## Source data
⁂
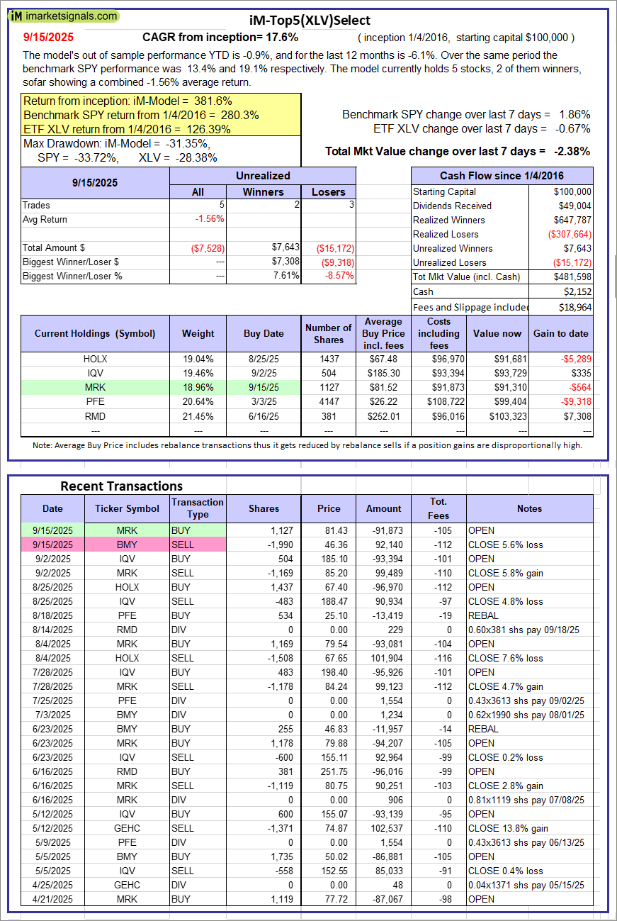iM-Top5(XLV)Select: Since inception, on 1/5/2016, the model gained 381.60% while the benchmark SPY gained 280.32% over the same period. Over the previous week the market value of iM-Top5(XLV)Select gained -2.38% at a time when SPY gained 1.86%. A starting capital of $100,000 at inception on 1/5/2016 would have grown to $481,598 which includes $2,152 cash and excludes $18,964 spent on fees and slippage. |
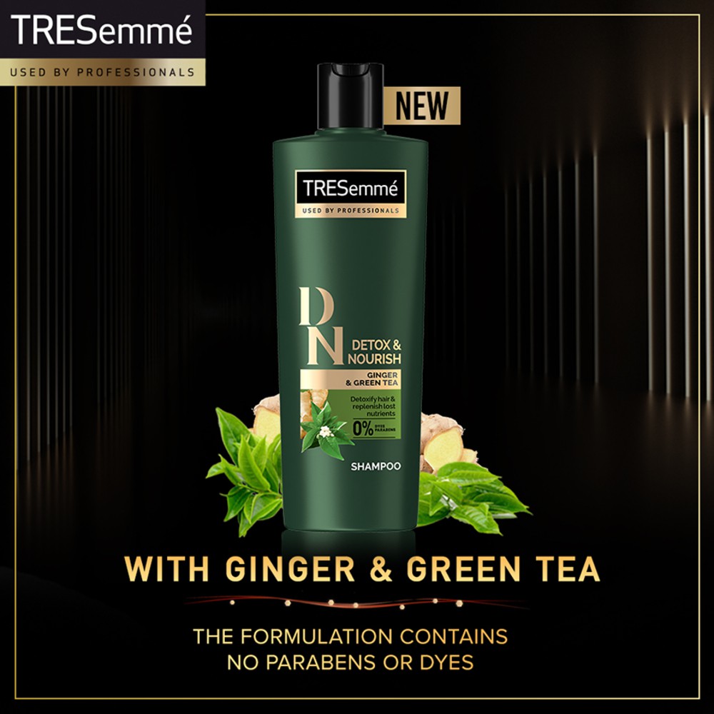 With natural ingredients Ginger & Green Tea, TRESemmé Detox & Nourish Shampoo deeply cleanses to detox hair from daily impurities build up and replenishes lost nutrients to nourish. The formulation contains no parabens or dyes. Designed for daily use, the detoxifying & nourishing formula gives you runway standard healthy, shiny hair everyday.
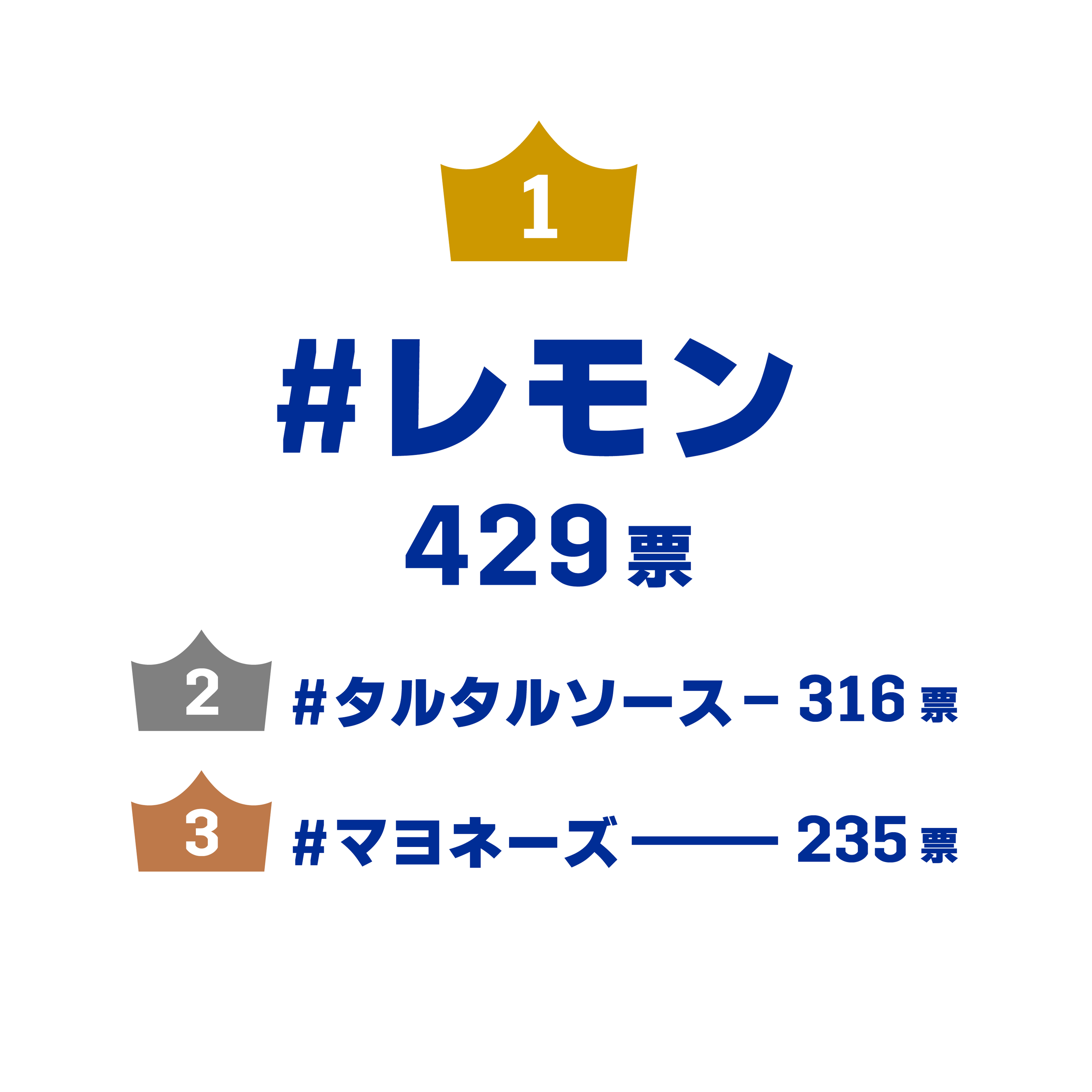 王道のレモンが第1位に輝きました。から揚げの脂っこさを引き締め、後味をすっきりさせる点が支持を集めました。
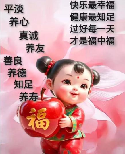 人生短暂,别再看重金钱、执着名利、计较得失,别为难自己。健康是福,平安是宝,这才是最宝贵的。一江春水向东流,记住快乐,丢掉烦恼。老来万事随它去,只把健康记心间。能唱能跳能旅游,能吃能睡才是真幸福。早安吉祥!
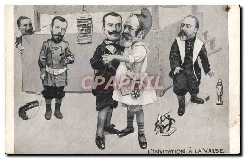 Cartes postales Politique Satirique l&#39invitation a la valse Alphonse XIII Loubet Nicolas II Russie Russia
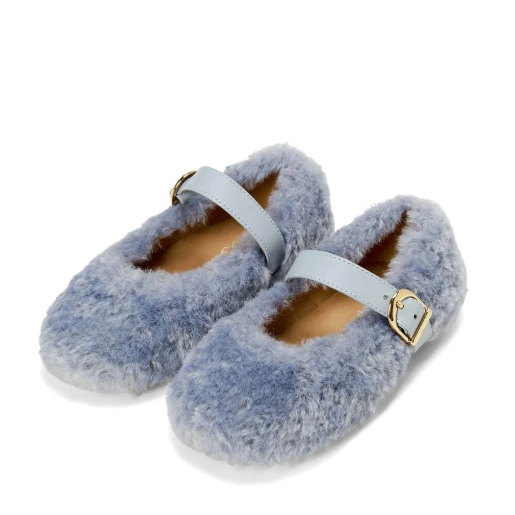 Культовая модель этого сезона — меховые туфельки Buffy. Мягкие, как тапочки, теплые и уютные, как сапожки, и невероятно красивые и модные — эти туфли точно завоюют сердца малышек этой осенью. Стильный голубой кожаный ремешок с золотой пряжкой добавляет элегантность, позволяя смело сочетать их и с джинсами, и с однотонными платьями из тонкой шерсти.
⁂
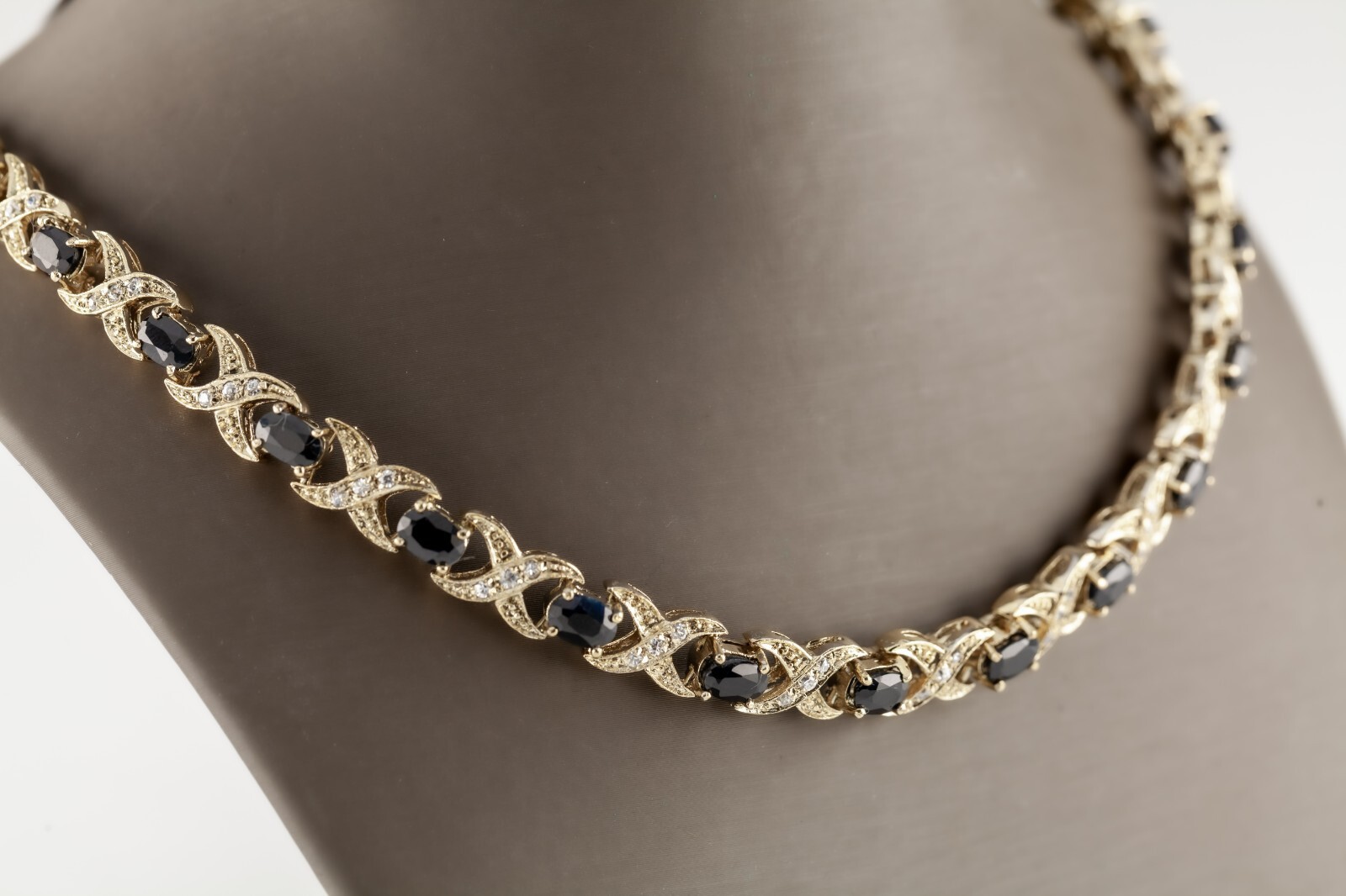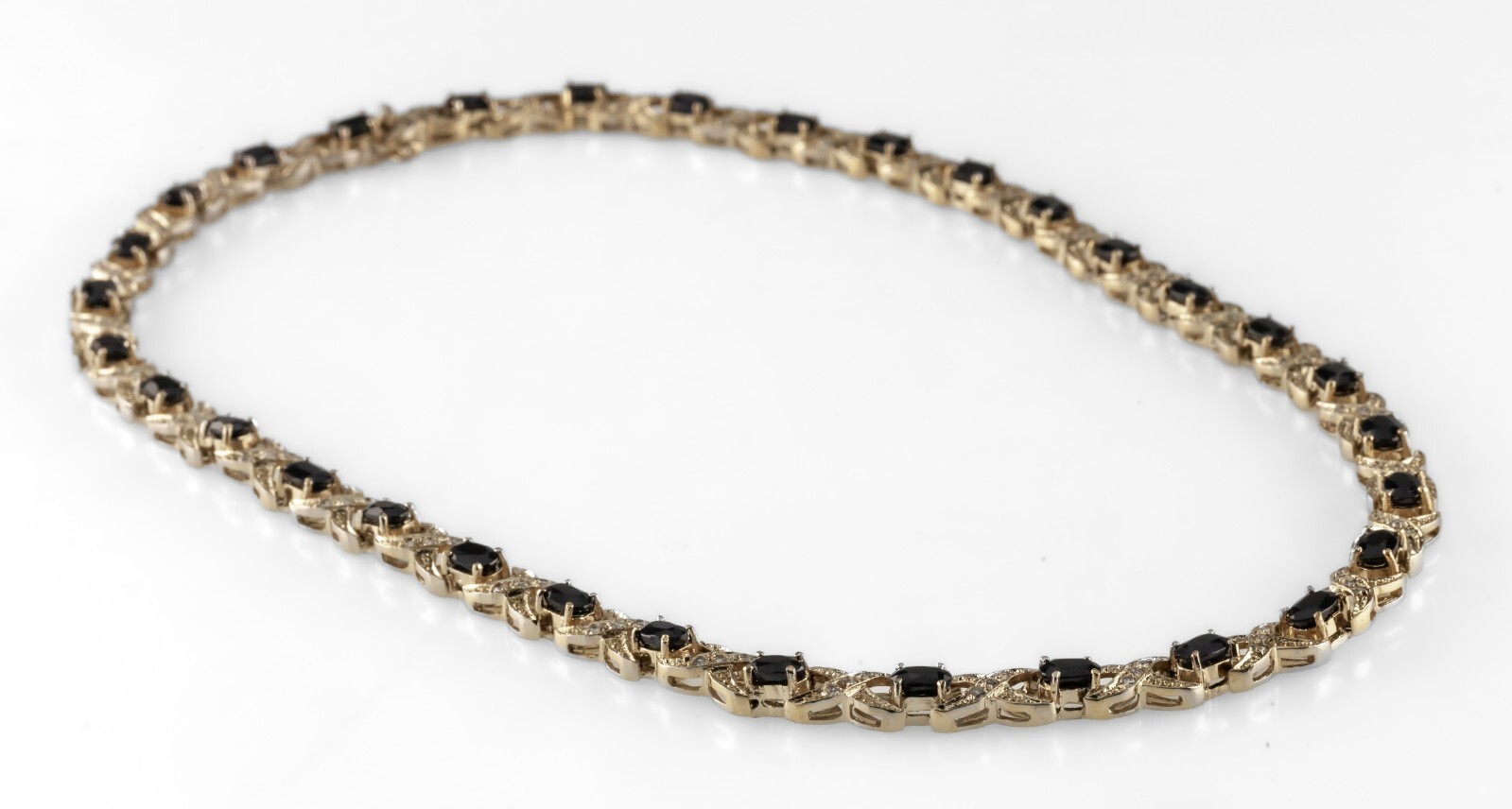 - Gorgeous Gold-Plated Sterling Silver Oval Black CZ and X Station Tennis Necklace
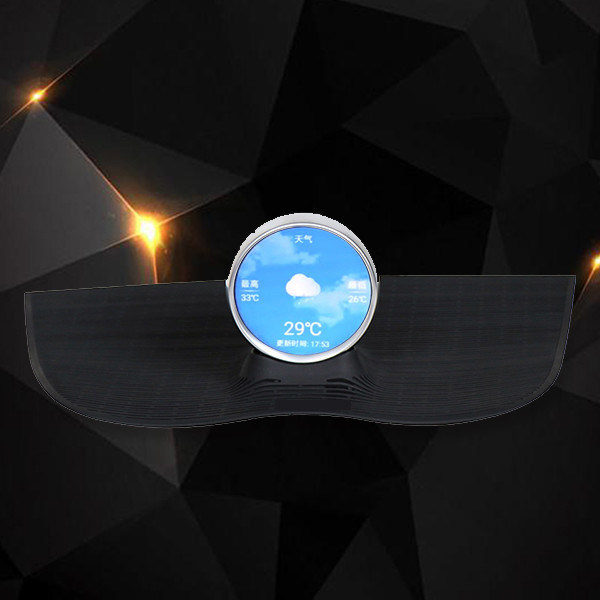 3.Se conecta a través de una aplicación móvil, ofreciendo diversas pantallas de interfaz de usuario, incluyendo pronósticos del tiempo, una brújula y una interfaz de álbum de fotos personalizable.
⁂
## Problem
Transcribe, word for word, the lines of the listing above from the one that contains "人生短暂,别再看重金钱、执着" through the one that contains "Культовая модель этого", keeping both ends and dropping the pictures.

## Task answer
 人生短暂,别再看重金钱、执着名利、计较得失,别为难自己。健康是福,平安是宝,这才是最宝贵的。一江春水向东流,记住快乐,丢掉烦恼。老来万事随它去,只把健康记心间。能唱能跳能旅游,能吃能睡才是真幸福。早安吉祥!
 Cartes postales Politique Satirique l&#39invitation a la valse Alphonse XIII Loubet Nicolas II Russie Russia
 Культовая модель этого сезона — меховые туфельки Buffy. Мягкие, как тапочки, теплые и уютные, как сапожки, и невероятно красивые и модные — эти туфли точно завоюют сердца малышек этой осенью. Стильный голубой кожаный ремешок с золотой пряжкой добавляет элегантность, позволяя смело сочетать их и с джинсами, и с однотонными платьями из тонкой шерсти.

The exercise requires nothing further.